|
|
|
|
|
by lukifer
728 days ago
|
|
Arrow’s Theorem is often invoked as a criticism of alternative voting systems (RCV, etc). And not while not wrong exactly, it seems textbook “perfect being the enemy of the good”. (It’s also one reason I prefer Approval Voting, which in addition to its benefit of simplicity, sidesteps Arrow by redefining the goal: not perfectly capturing preferences, but maximizing Consent of the Governed.) |
|
Yes, the theorem doesn' apply to approval voting nor does it apply to score voting.
Arrow's theorem only applies to deterministic voting systems.
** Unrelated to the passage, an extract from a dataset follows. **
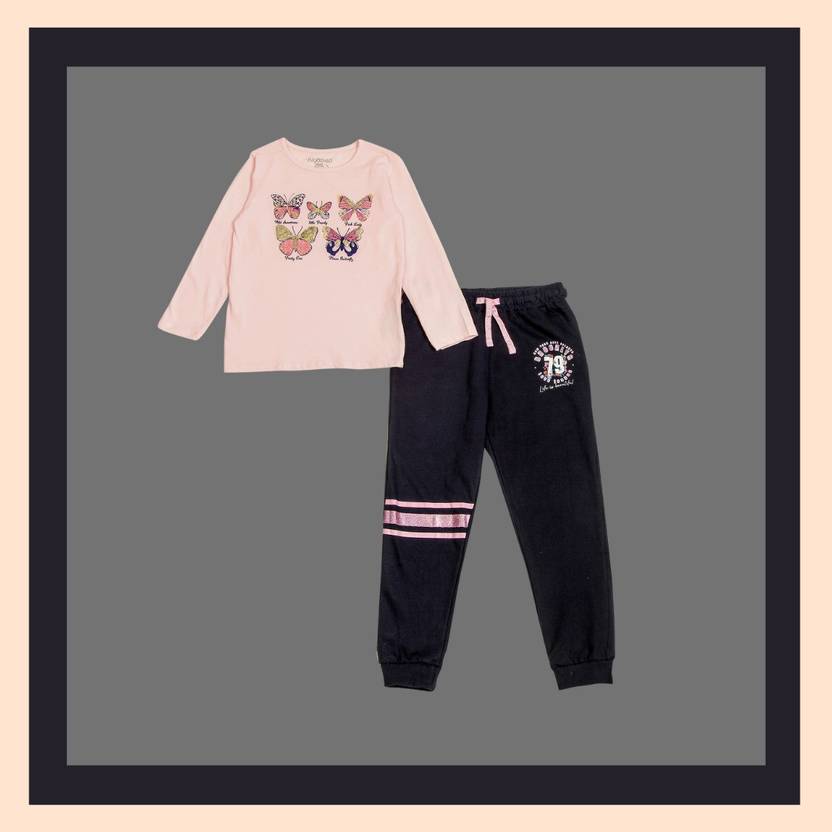 Set of Pink top & Black Pants for girls aged between 2 to 8 years. A Showstopper dress with cute little Butterflies printed on the Top. The pink colour of the Top matches perfectly with the stripes & drawstrings on the Black Pants. Made with soft & light weight cotton fabric for a tender touch little girls need. A Charming & Elegant Dress set for all seasons.

So sortition (or other method based on random sampling) are not affected.
The theorem also doesn't apply to proportional representation systems. (Though they have their own problems, of course.)
Most RCV systems are very gameable with tactical voting. Though they aren't that useful, I guess.
---
Arrow's theorem also doesn't guarantee that you will have problems. It just says that for some votings systems you can construct voting populations with preference that can't be captured well. It doesn't say whether these situations are likely to occur in practice.
---
Arrow's theorem also doesn't apply when you allow bargaining, or people compensating each other.
---
Of course, the problem with democracy in practice isn't so much that existing voting systems don't capture what voters want. Even first-past-the-post seems to be doing a reasonable job of that.